> TASK DETAILS: Each word in the data below should be copied exactly; the images should not.

> DATA SHOWN:
——

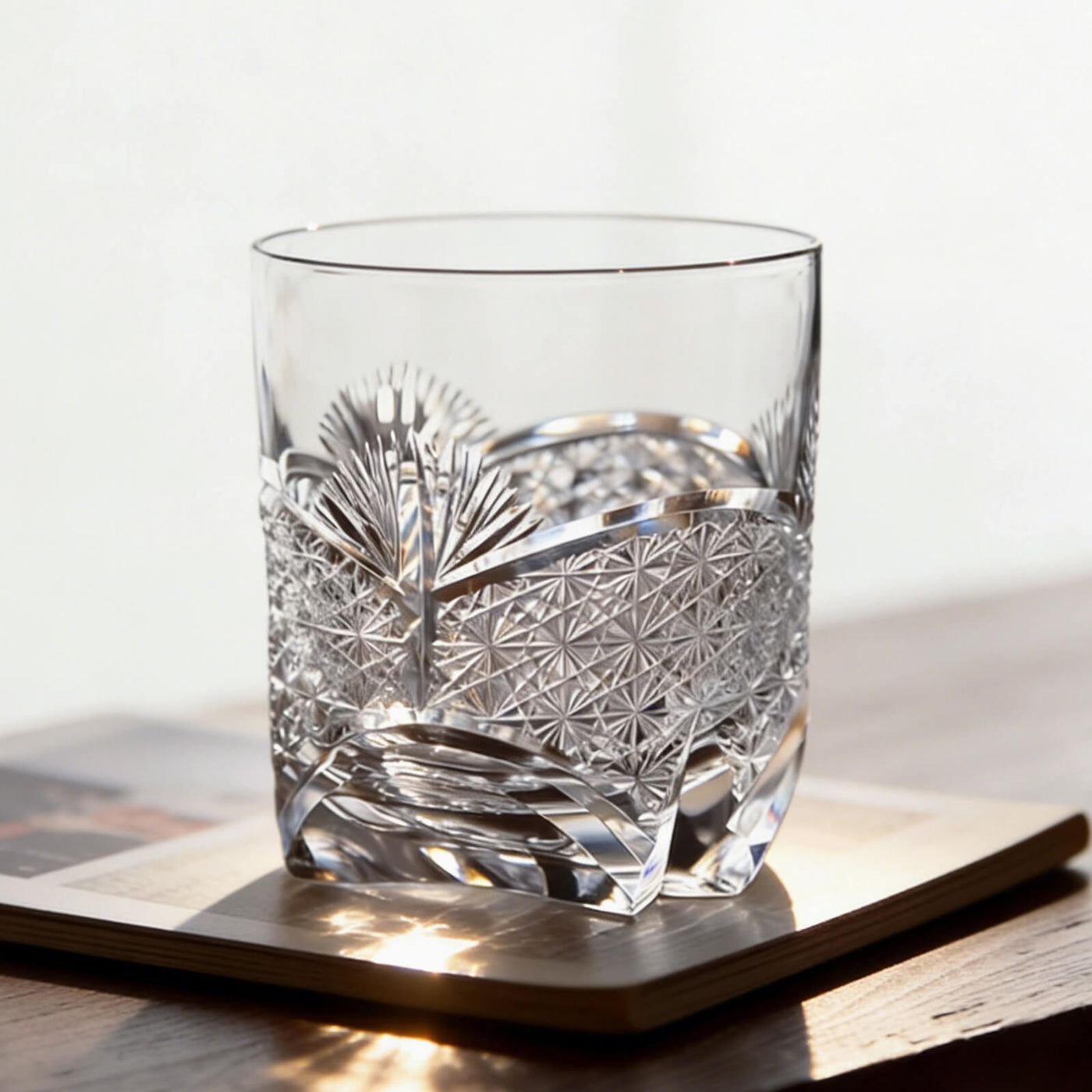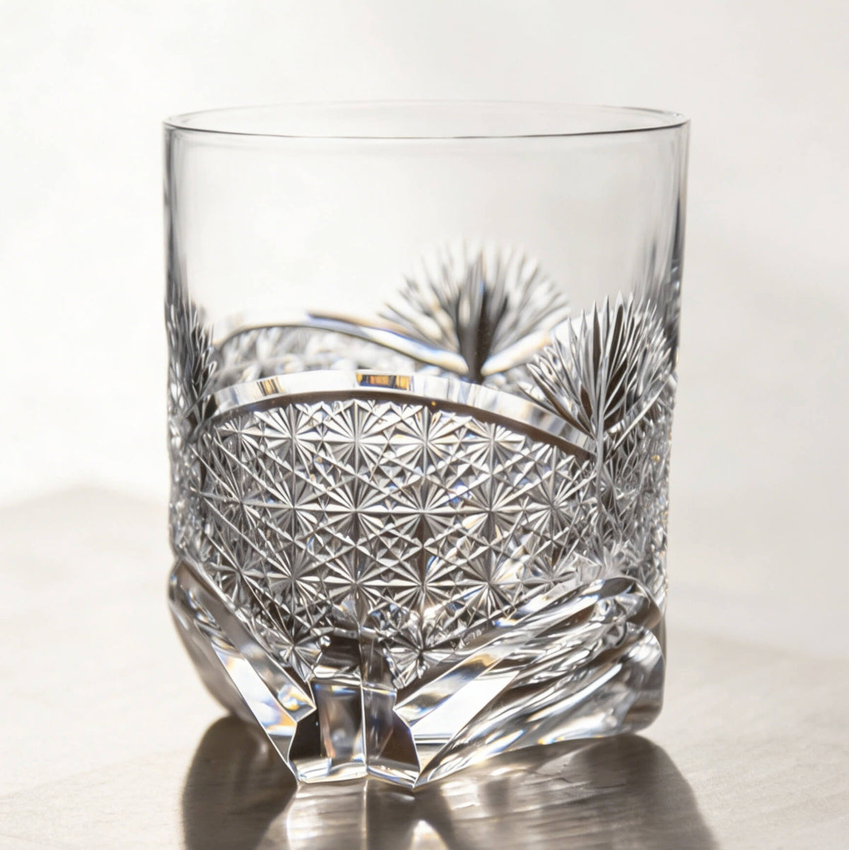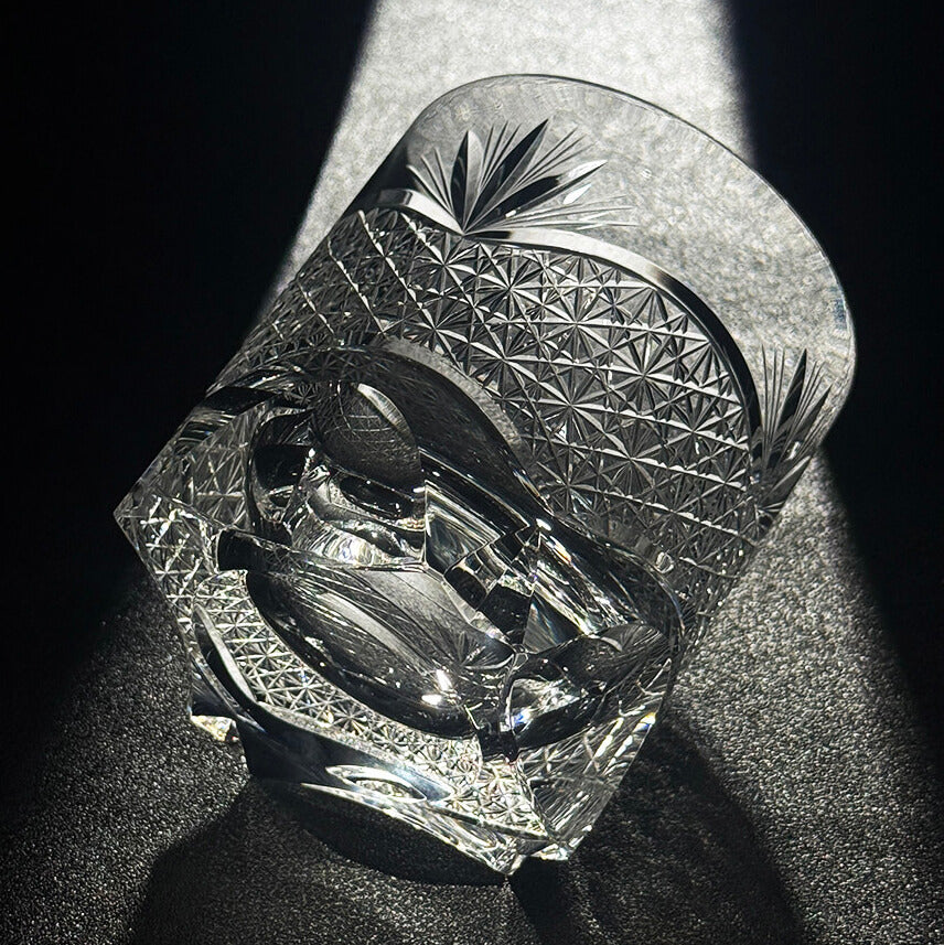 Each glass is hand-cut by skilled artisans using traditional Edo Kiriko techniques. The bamboo leaf motif represents resilience and growth, while the chrysanthemum pattern symbolizes balance and refinement—both expressed through precise angles and carefully controlled cutting depth. Made from high-quality K9 lead-free crystal, the glass is polished to achieve a smooth surface and brilliant light refraction.
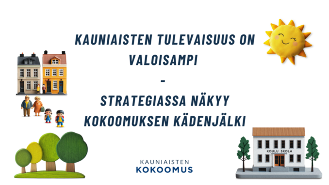 Kauniaisten uusi strategia on hyväksytty. Strategisissa tavoitteissa, läpimurtohankkeissa ja tuloksissa näkyy vahvasti kokoomuksen kädenjälki. Strategia tähtää vetovoimaiseen kaupunkiin, joka kasvaa vastuullisesti ja vahvistaa talouttaan.
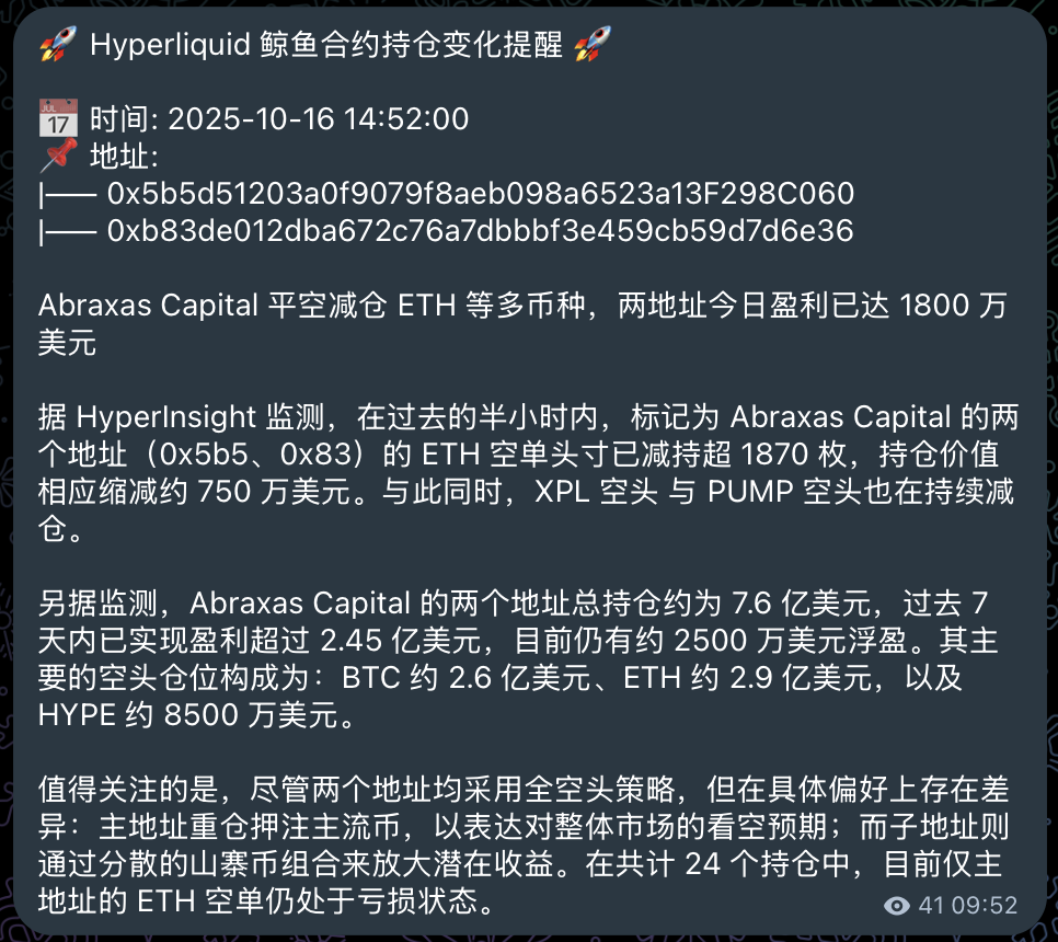 为应对近期市场波动,加密货币基金Abraxas Capital采取战略性操作,平仓部分以太坊(ETH)和各类山寨币空头头寸,锁定可观收益。HyperInsight数据显示,该基金10月16日通过两个钱包地址在短短两小时内平仓超1,870枚ETH,这笔交易使持仓价值减少约750万美元。与此同时,XPL和PUMP合约头寸也出现阶段性缩减。
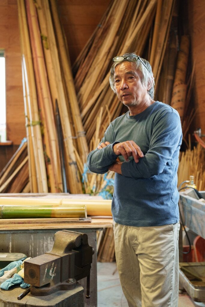 Award-winning Yonezawa Jirō studied bamboo basketmaking at the Beppu Vocational Arts Training Center; he graduated 42 years ago. A native of Kyūshū, he has been surrounded by bamboo his entire life, but he didn’t dedicate himself to the craft until he was 22 years old. Even so, his identity as an artist reflects his deep relationship with the region’s bamboo-filled landscape. He takes great pride in selectively harvesting his material to ensure the long-term health of the groves.

——

> RESPONSE TO THIS EXERCISE:
 Each glass is hand-cut by skilled artisans using traditional Edo Kiriko techniques. The bamboo leaf motif represents resilience and growth, while the chrysanthemum pattern symbolizes balance and refinement—both expressed through precise angles and carefully controlled cutting depth. Made from high-quality K9 lead-free crystal, the glass is polished to achieve a smooth surface and brilliant light refraction.
 Kauniaisten uusi strategia on hyväksytty. Strategisissa tavoitteissa, läpimurtohankkeissa ja tuloksissa näkyy vahvasti kokoomuksen kädenjälki. Strategia tähtää vetovoimaiseen kaupunkiin, joka kasvaa vastuullisesti ja vahvistaa talouttaan.
 为应对近期市场波动,加密货币基金Abraxas Capital采取战略性操作,平仓部分以太坊(ETH)和各类山寨币空头头寸,锁定可观收益。HyperInsight数据显示,该基金10月16日通过两个钱包地址在短短两小时内平仓超1,870枚ETH,这笔交易使持仓价值减少约750万美元。与此同时,XPL和PUMP合约头寸也出现阶段性缩减。
 Award-winning Yonezawa Jirō studied bamboo basketmaking at the Beppu Vocational Arts Training Center; he graduated 42 years ago. A native of Kyūshū, he has been surrounded by bamboo his entire life, but he didn’t dedicate himself to the craft until he was 22 years old. Even so, his identity as an artist reflects his deep relationship with the region’s bamboo-filled landscape. He takes great pride in selectively harvesting his material to ensure the long-term health of the groves.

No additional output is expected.